The Inspiration Behind Christian Louboutin’s Red-Bottomed Soles

How a combination of timing, talent, and luck led to the brand’s iconic detailing.

Jill Di Donato
Aug 18, 2017 · 3 min read
© Chris Luttrell

Christian Louboutin’s red-heeled pumps are an unmistakable fashion statement. The flash of color — a bold scarlet — instantly declares that a woman isn’t just wearing heels, she’s wearing Louboutins. But where did the look come from?

An art school dropout, Louboutin got his start designing shoes for the showgirls at Folies Bergère, a famous cabaret in Paris. International travel helped refine his approach to design, and in the late 1970s, Louboutin spent time abroad immersing himself in the cultures of Egypt and India.

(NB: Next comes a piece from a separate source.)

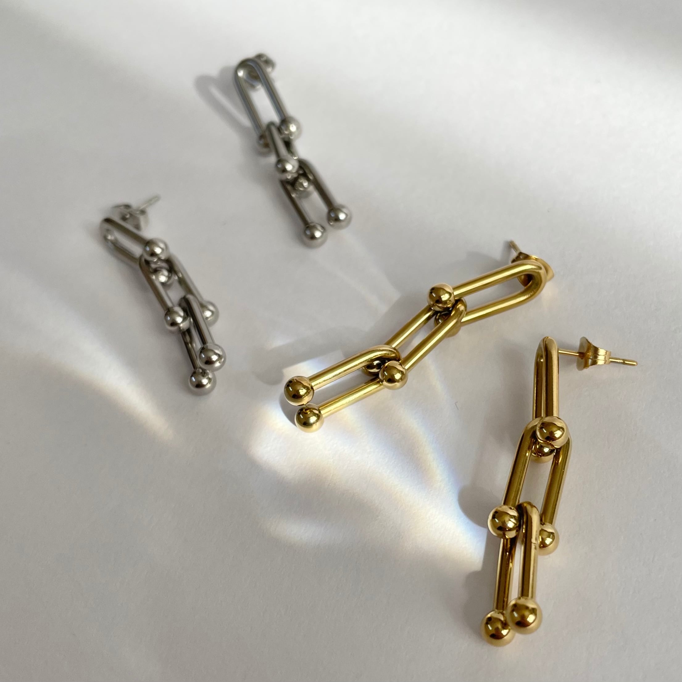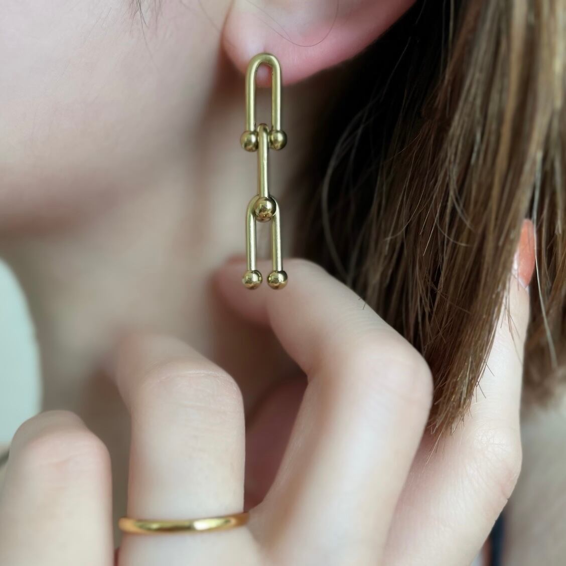 揺れ動くたびに存在感のあるロングピアス

© Folies Bergere | Fleur de Lotus/Flickr

By the time he returned to Paris, he’d developed a portfolio of designs for high heels of extraordinary height. Working with Charles Jourdan in the early 1980s, Louboutin learned the ropes of the luxury shoe business. Subsequently, he apprenticed with Roger Vivier, the French designer who credits himself with inventing the stiletto.

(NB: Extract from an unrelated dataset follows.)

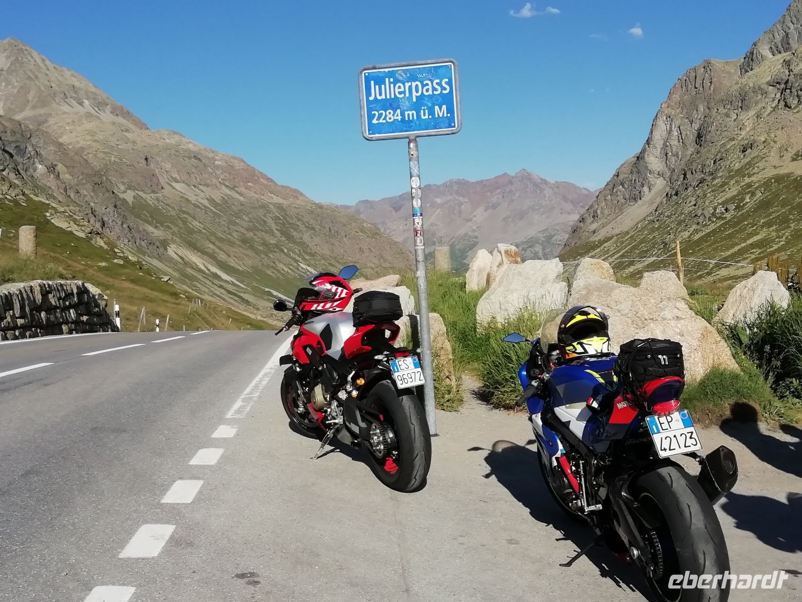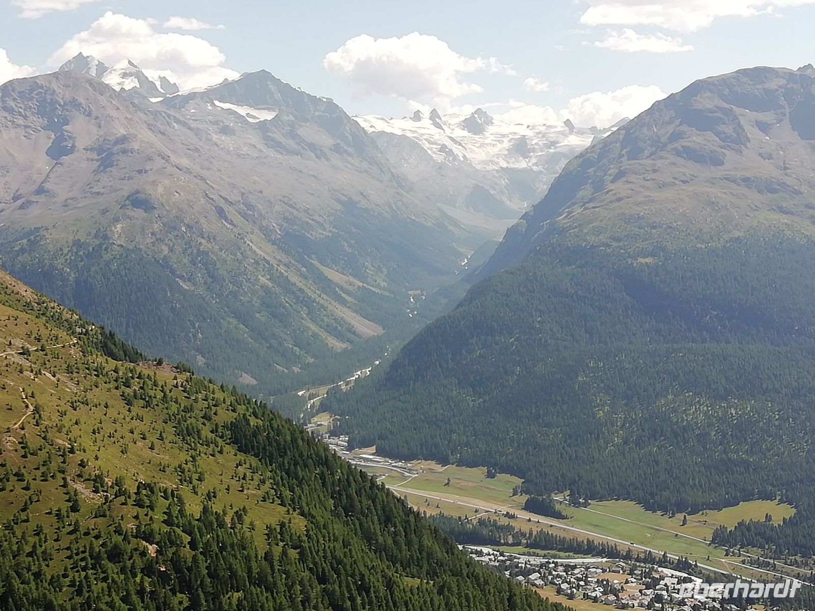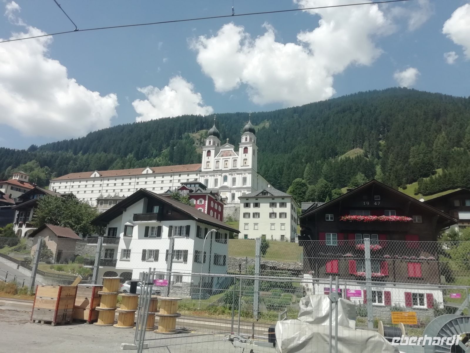 Pünktlich 6 Uhr am Morgen starten die ersten Eberhardt-Reisegäste im 5-Sterne-Bus in Dresden zur Premium-Reise in die Schweiz. In Kesselsdorf, Chemnitz und Zwickau steigen weitere Gäste zu. Trotz Ferienbeginn in Sachsen kommen wir gut voran. Gegen Mittag sind wir in Ansbach. Mit 20 Gästen ist unsere Reisegruppe hier nun komplett. Es geht vorbei an Nürnberg und Ulm Richtung Bodensee. Durch den Pfändertunnel erreichen wir Österreich und fahren bald danach am Grenzübergang Diepoldsau in die Schweiz. Hier machen wir eine letzte Pause an der Raststätte „Heidiland“. Wir kommen durch Chur, Thusis und Tiefencastel. Dann „klettern“ wir hinauf zum Julierpass. Hier legen wir einen Fotostopp ein, um das Passschild zu fotografieren. Nun trennen uns nur noch wenige Kilometer von Sils-Maria, wo sich unser 4-Sterne-Hotel „Edelweiß“ befindet. Es wurde bereits 1876 gegründet und ist noch ein Hotel der „guten alten Schule“. Schnell sind die Zimmer bezogen. Diese präsentieren sich im typisch Bündner Stil mit Arvenholzmöbeln. Als Willkommensgruß erhalten wir eine kleine Engadiner Nusstorte. Dann erwartet man uns zum 5-Gang-Menü im benachbarten Hotel „Post“. Bei Vorspeise, Suppe, Hauptgang und Dessert können wir sogar noch aus zwei verschiedenen Angeboten wählen.

Roger Vivier Feather Shoes Illustration | © Naomi Yamada/Flickr

By 1991, Louboutin was ready to strike out on his own and open his own shoe salon.

© Christian Louboutin

One day, he noticed his assistant’s talon-like nails, painted with red lacquer, and was inspired to experiment with the same shade on the bottoms of his heels. So, the designer hand-painted the bottom of a shoe with red nail polish, and the signature was born.

© Christian Louboutin

“The shiny red color of the soles has no function other than to identify to the public that they are mine,” Louboutin says in an interview with Footwear News. “I selected the color because it’s engaging, flirtatious, memorable, and the color of passion.”

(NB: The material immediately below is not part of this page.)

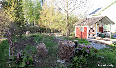 Kasvihuoneelta kuljetaan omenapuiden alitse talon länsipuolelta leikkimökille. Leikkimökki kylpee ilta-auringossa. Kuusiaidan varjoon jää jätevesien suodatuskentän päälle perustettu matalajuuristen värikasvien ja yrttien penkki. Suodatuskentän ilmastointiputket olen naamioinut kirppareilta hankkimillani pajukoreilla. Vuorenkilvet kukkivat kentän jyrkässä pengereessä. Etupihalla kasvaa pitkä penkki herttavuorenkilpeä. Sen talven aikana fermentoituneita lehtiä käytämme teeaineksina ns. siperian teenä. Nyt vielä voi kerätä tummentuneita, kuivia lehtiä teepannuun tai fermentoida nuoria vihreitä lehtiä itse. Olen kirjoittanut siitä aiemmin täällä klik! hieman enempi.

In 2014, the Louboutin brand released a line of nail polish that sells for $50 to $70 per bottle, making it the most expensive nail lacquer on the market. According to Fashionista, “The Rouge Louboutin cap measures in at an impressive eight inches, the same length of the heel on the Louboutin Ballerina Ultima shoe, which was featured in a David Lynch collaboration.” Indeed, the bottle — like his shoes — can be considered a work of art.

© Christian Louboutin

Design elements denoting luxury, like Louboutin’s signature red soles, are a signifier that their wearers are part of an in-group; they hold the key to a world of glamour and status that others can only lust after. All you need to do is brandish the sole of your shoe.